A book on violence, not a
particularly good one.
Remember, always check credentials. 

I remember years ago, I had a job working security in the Albany subsidized housing --a job that I promise was much less dramatic and dangerous and courageous than it sounds. Mostly what I did was hang out with the residents of the subsidized housing and make sure the front door on their building stayed shut. The residents supported keeping the door shut because if it was left open crack-whores (er . . . should I say "chemically addicted people who work in the sex industry"? No, too long. Crack-whores will work just fine. Besides it was the term in common usage at that time and place.) Most of what I did was hang out by the door at a table and talk to the people who lived there.
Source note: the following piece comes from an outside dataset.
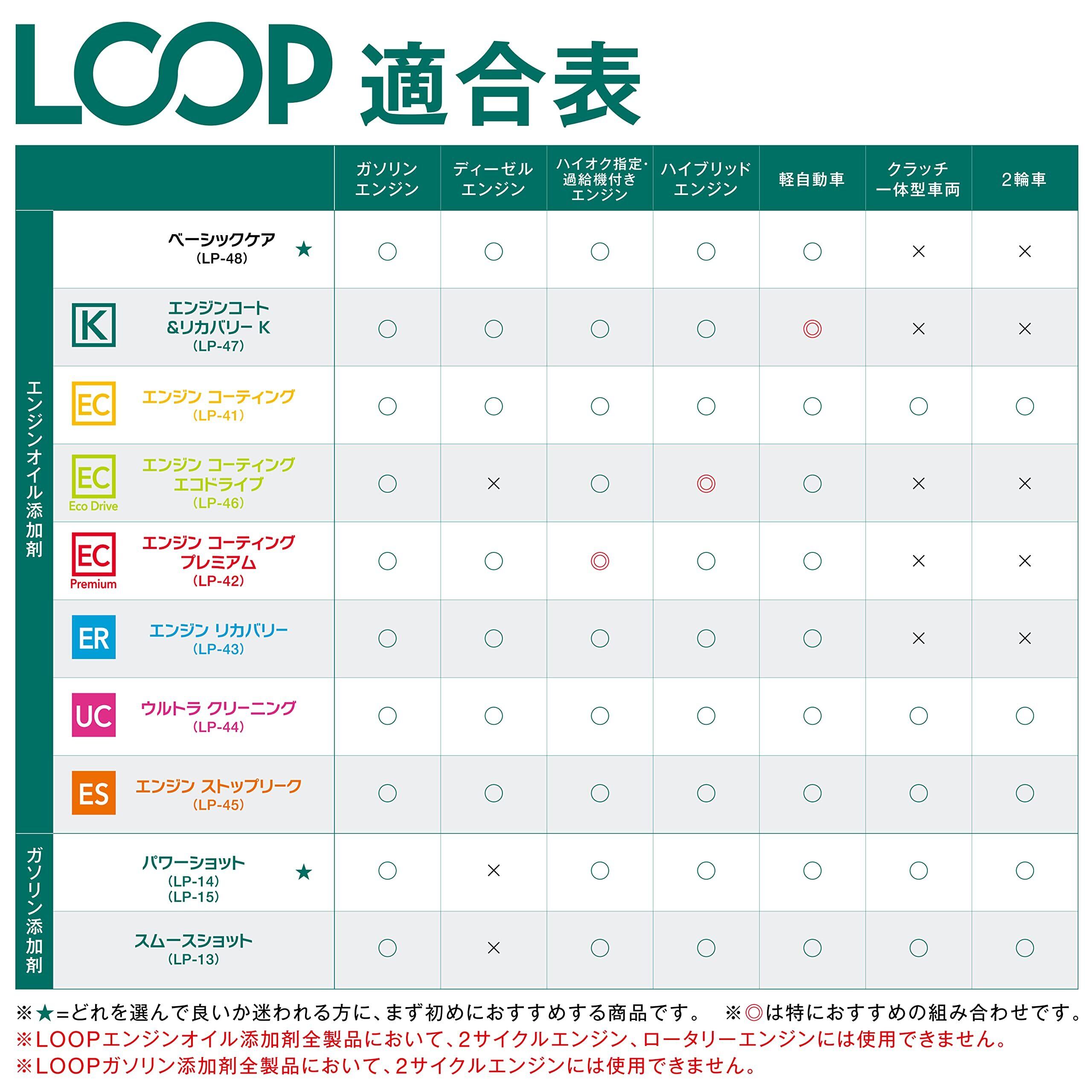 ループ パワーショットに二輪用サイズが登場!13L~20Lのタンクに本品1本を添加してください。高純度PEAとPIBAをダブル配合。燃焼室、インジェクター、吸気バルブに付着した汚れを除去し、完全燃焼を促進することによりスムーズなアクセルレスポンスを回復します。燃費悪化やアイドリング不調の原因となる汚れを除去し、ハードなカーボン&スラッジまでも除去。エンジンコンディションを最適な状態に戻します。さらに、コーティング効果でデポジットが付きにくくします。
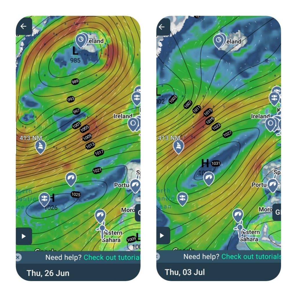 The forecast for wind speed and direction is set, and today the centre of the low sits over Iceland. The wind direction is westerly, and its speed is Beaufort force 4. Next week, the Azores high-pressure system moves towards the UK and the wind direction changes.

They had interesting experiences. Their lives were very different from mine. Many were recovering drug addicts. Recovering drug addicts, whatever else one can say about them, often tell great stories.

One day one of them who I considered a friend told me about how one can find a crack house and a source of crack in a new environment. It was interesting. I've never actually tried the technique out --after all, I've never needed crack or thought it was something I'd wish to try. I've got enough bad habits and don't need to add to them.
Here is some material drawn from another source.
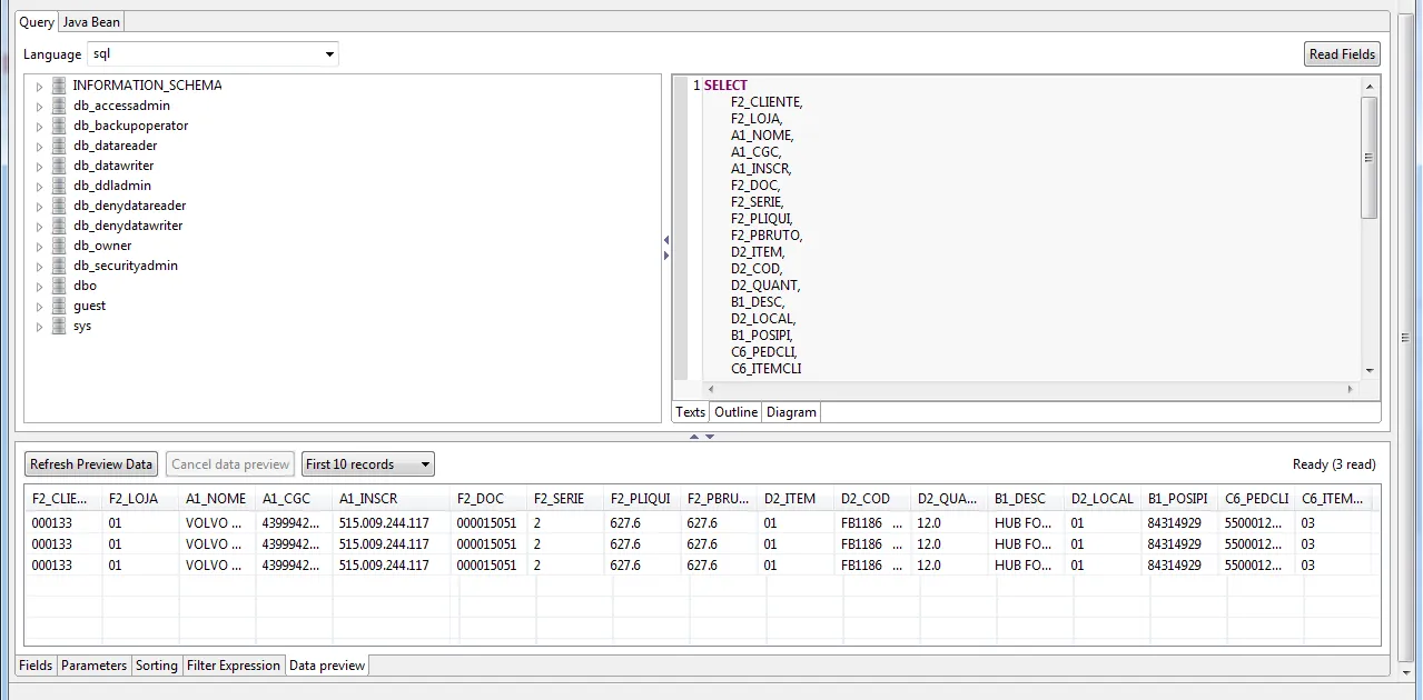 No banco de dados retorno somente um registro no Jasper Studio retorna três registro duplicados

On the other hand, I have bragged to a lot of my friends that I do, in fact, know how to find a crack house in an urban environment. And this, by itself, combined with my experience at the Violence Dynamics seminar in Boston, has made me realize that this is, in fact, a saleable skill. Somewhere, some place, there are people who will pay a great deal of money to learn how to find crack houses. And most of them have no need to know this knowledge and no desire to find crack. They just wish to be able to say they know how to do this and would be willing to pay money to learn it.
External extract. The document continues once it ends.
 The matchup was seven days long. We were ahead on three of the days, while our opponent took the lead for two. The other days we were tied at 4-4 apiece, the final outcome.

Which has me wondering, could I, should I package this? Might I find a drug addict or two or three (and perhaps buy them an unaccredited PhD in psychology to boost their standing among people who don't check credentials?) and then arrange to fly them around the country, continent, or even to Bulgaria to teach people with good dental plans skills they don't need to know but would like to know if for no reason except that it's something that people like themselves usually don't know? Really, this would work. A couple years ago, I attended a one day workshop seminar on human trafficking held here in Schenectady (another field, by the way, where it is very important to check credentials among trauma therapist types. --they lie like rugs and when they try to tell the truth they often use bad statistics.) And among the presenters was an ex-teenage prostitute, now an adult, presenting for an hour and a half. She did this regularly and she seemed to be enjoying herself and quite proud of her new status as an expert. You could see it by the way she held her head and body language.

So . . . I confess, although my background includes many interesting jobs and experiences, I was not a teenage prostitute. But I do have my own unique skills and talents. And it all comes down to packaging.